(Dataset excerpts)
▬▬▬▬▬▬

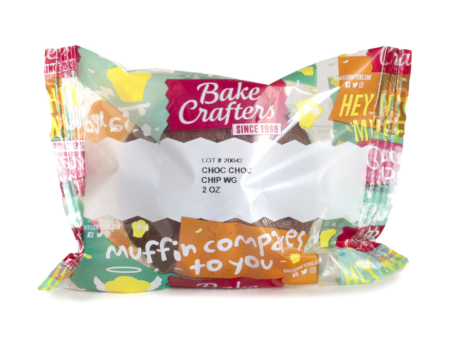 Bake Crafters Muffins, WG, Chocolate Chocolate Chip, RF, IW; must be whole grain rich and provide 1.0 ounce grain equivalent. Portion to provide at least 135 calories, with no more than 6 grams of fat. Must contain less than 100 milligrams of sodium. Acceptable brand: Bake Crafters 2156.
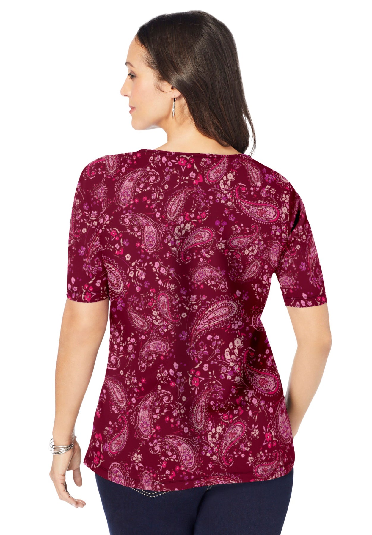 The Jessica London women's plus size Stretch Cotton Square Neck Tee is a better-than-basic, must-have addition to your everyday wardrobe for season-spanning style. Features a tailored fit with a framed square neckline.
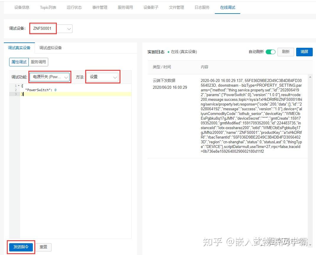 在“设备调试”页面,我们选择调试设备为“ZNFS0001”,然后选择一个调试功能,然后选择方法,然后点击发送指令,我们可以在实时日志中查看到下发数据的日志,说明下发数据成功。
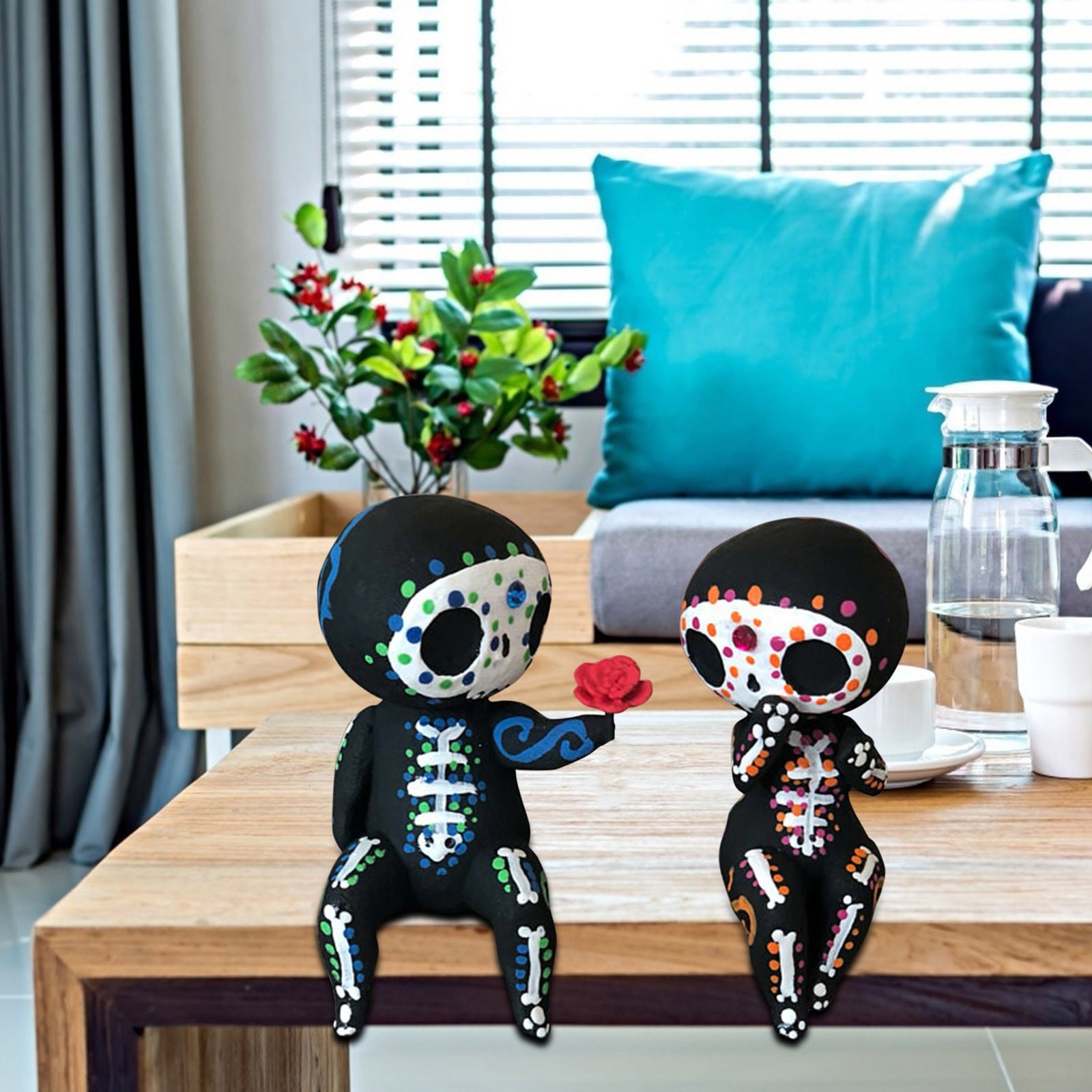 It is a couple of sugar skulls. They are designed to sit on the ledge of something, so why they are photos of sitting on decorative boxes. Hand a flower in blue and green to a flower in orange and pink. Please note that the orange and pink design looks like awoman (she is curvy, smaller, and has eyelashes.) I am willing to change it for those who request it (for example, to make two males or two females). Please send me a message. For a while I felt pain that they could only sit on the windowsill. I thought somepeople might not like this, so even though it was not shown, I chose to let them sit on the 3D printed black rectangle while their legs were still hanging. In this case, they will be fixed to the module as one piece (they will not loose up and down). Basic options: The "loose" option means that these figurines will be placed on the ledge of your choice as shown, so that their legs can be hung. They will not connect to the base. They must be placed on a ledge where feet and legs can be hung. The "loose" option is the one I have in the reference photo. Their hips are flat, so they can sit on the edge of the window sill and their legs can hang down.Products include:
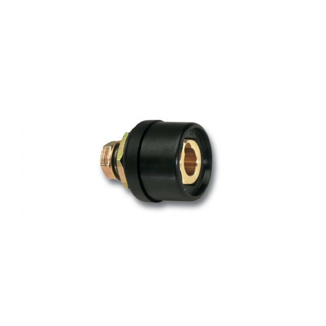 Conector aparat priza 16-25 mm2. Lungime 110mm, curent sudura maxim 200 amperi. Destinat utilizarii cu conectori cablu fisa cu sectiunea de16-25mm2. Diametru gaura de pe panoul aparatului 20mm. Diametrul exterior 32mm.
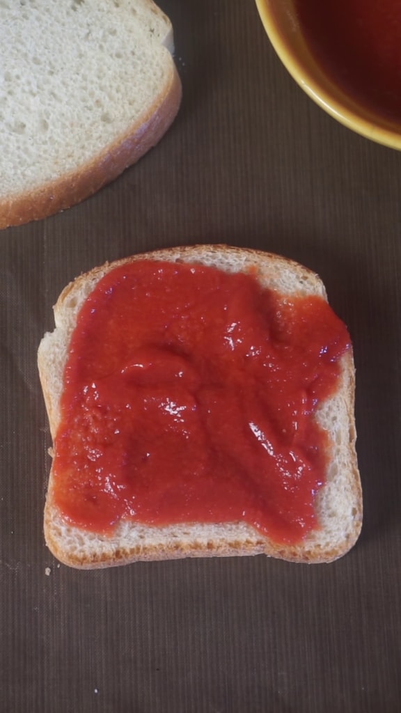 Répartis une cuillerée de purée de tomates sur chaque tranche de pain blanc.
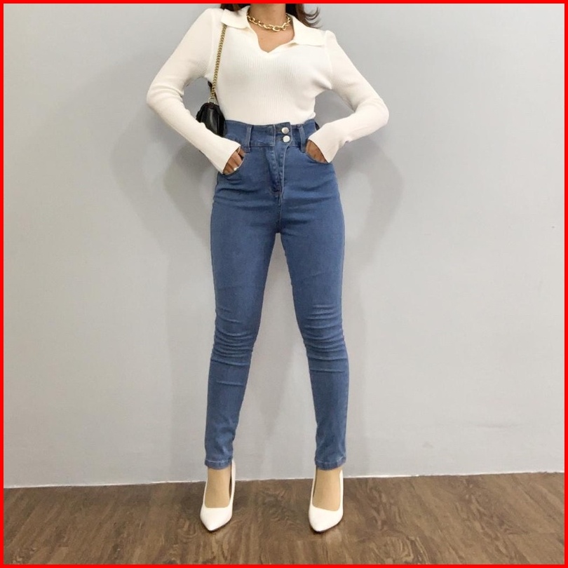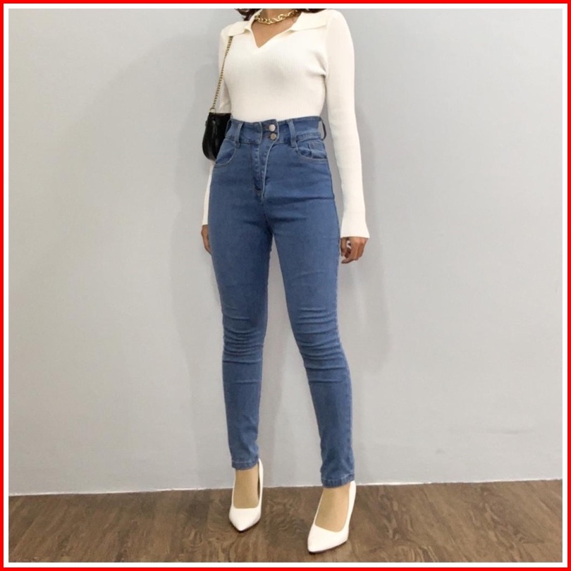 Luxe.dlabel - E16 Jeans Celana Panjang Highwaist Wanita Jeans Premium Jeans Wanita Polos Ripped Jeans High Waist Jeans W
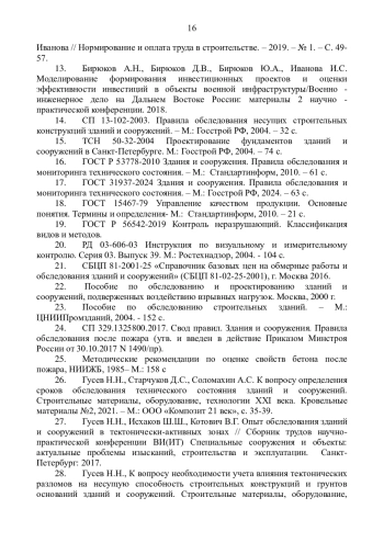 5. Бирюков, Ю. А. Влияния повреждений строительных конструкций на состояние зданий и сооружений / Ю. А. Бирюков, И. С. Титеев // Коммунально - эксплуатационное обеспечение военной инфраструктуры: горизонты будущего: Сборник статей, Санкт-Петербург, 17 августа 2023 года. - Санкт-Петербург: 2023. - С. 190-197. EDN: SYROXL
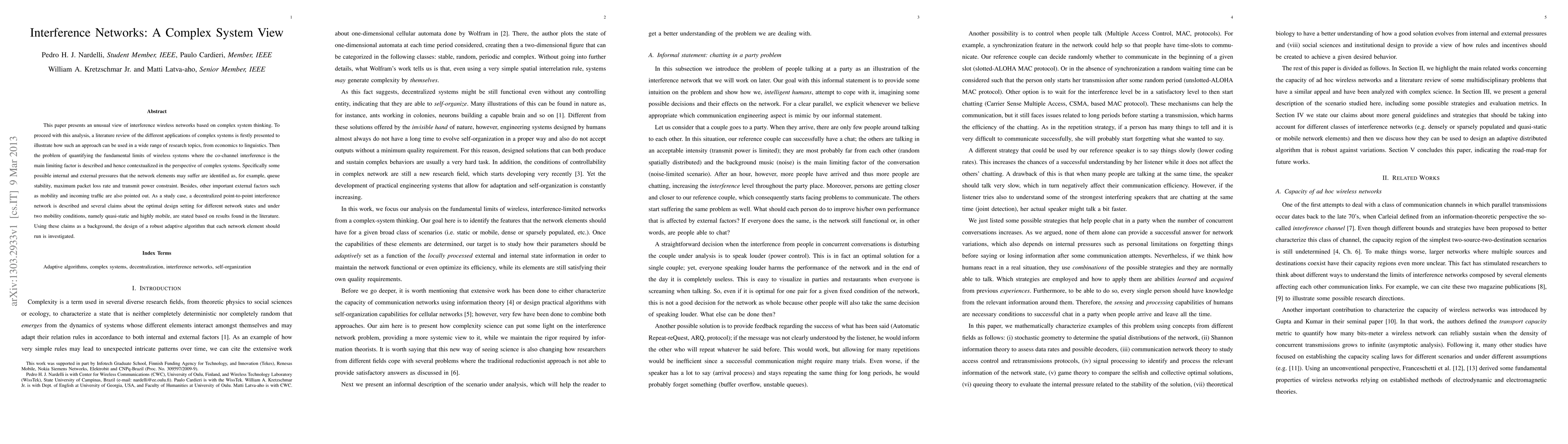 This paper presents an unusual view of interference wireless networks based on complex system thinking. To proceed with this analysis, a literature review of the different applications of complex systems is firstly presented to illustrate how such an approach can be used in a wide range of research topics, from economics to linguistics. Then the problem of quantifying the fundamental limits of wireless systems where the co-channel interference is the main limiting factor is described and hence contextualized in the perspective of complex systems. Specifically some possible internal and external pressures that the network elements may suffer are identified as, for example, queue stability, maximum packet loss rate and transmit power constraint. Besides, other important external factors such as mobility and incoming traffic are also pointed out. As a study case, a decentralized point-to-point interference network is described and several claims about the optimal design setting for different network states and under two mobility conditions, namely quasi-static and highly mobile, are stated based on results found in the literature. Using these claims as a background, the design of a robust adaptive algorithm that each network element should run is investigated.
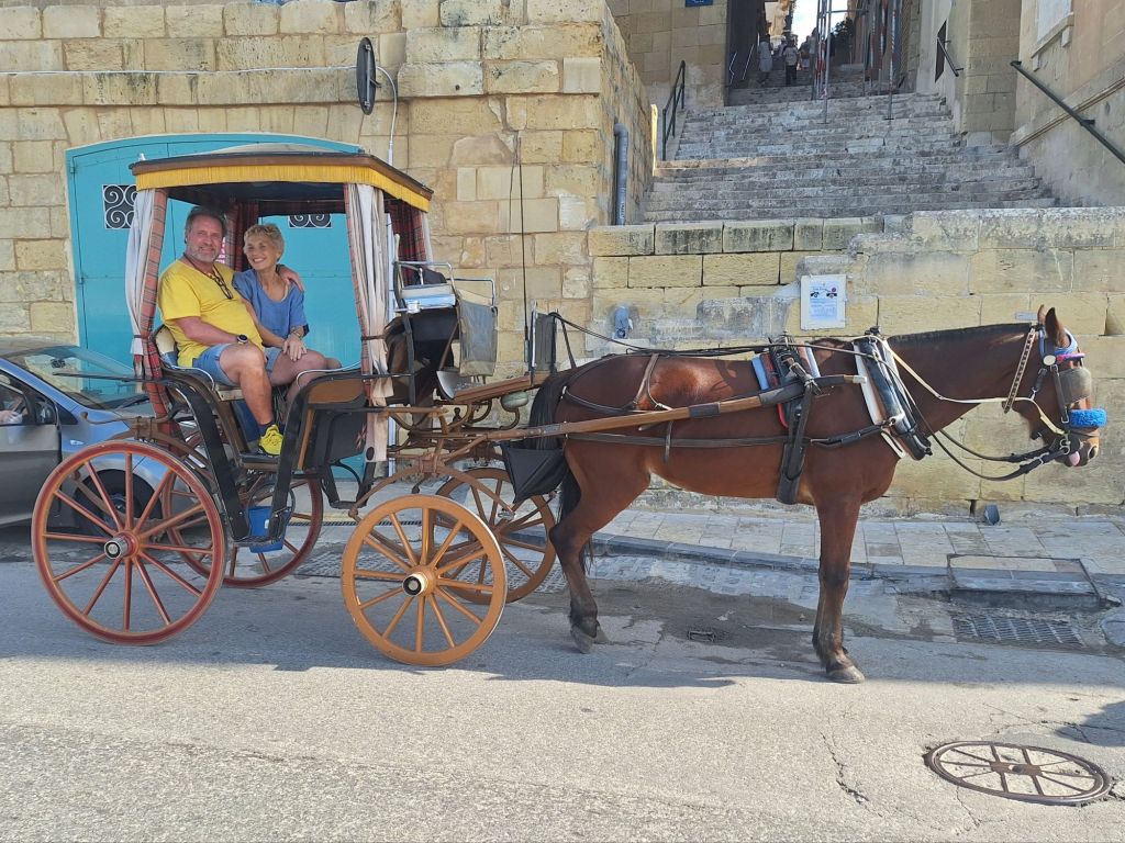 Terwijl ik luister naar de hoeven van Bobby, het paard voor de koets, en vrolijk om me heen kijk zie ik een treintje voorbijkomen met een vrouw die duidelijk naar me aan het wuiven is. Wie zwaait er nu in Valetta naar me? Ik wuif maar terug.

▬▬▬▬▬▬

**EXERCISE OBJECTIVE**:
Exercise for the records above: copy only the lines from the one with "The Jessica London" to the one with "Luxe.dlabel - E16", both ends kept, and drop the pictures.

**TASK RESPONSE**:
 The Jessica London women's plus size Stretch Cotton Square Neck Tee is a better-than-basic, must-have addition to your everyday wardrobe for season-spanning style. Features a tailored fit with a framed square neckline.
 在“设备调试”页面,我们选择调试设备为“ZNFS0001”,然后选择一个调试功能,然后选择方法,然后点击发送指令,我们可以在实时日志中查看到下发数据的日志,说明下发数据成功。
 It is a couple of sugar skulls. They are designed to sit on the ledge of something, so why they are photos of sitting on decorative boxes. Hand a flower in blue and green to a flower in orange and pink. Please note that the orange and pink design looks like awoman (she is curvy, smaller, and has eyelashes.) I am willing to change it for those who request it (for example, to make two males or two females). Please send me a message. For a while I felt pain that they could only sit on the windowsill. I thought somepeople might not like this, so even though it was not shown, I chose to let them sit on the 3D printed black rectangle while their legs were still hanging. In this case, they will be fixed to the module as one piece (they will not loose up and down). Basic options: The "loose" option means that these figurines will be placed on the ledge of your choice as shown, so that their legs can be hung. They will not connect to the base. They must be placed on a ledge where feet and legs can be hung. The "loose" option is the one I have in the reference photo. Their hips are flat, so they can sit on the edge of the window sill and their legs can hang down.Products include:
 Conector aparat priza 16-25 mm2. Lungime 110mm, curent sudura maxim 200 amperi. Destinat utilizarii cu conectori cablu fisa cu sectiunea de16-25mm2. Diametru gaura de pe panoul aparatului 20mm. Diametrul exterior 32mm.
 Répartis une cuillerée de purée de tomates sur chaque tranche de pain blanc.
 Luxe.dlabel - E16 Jeans Celana Panjang Highwaist Wanita Jeans Premium Jeans Wanita Polos Ripped Jeans High Waist Jeans W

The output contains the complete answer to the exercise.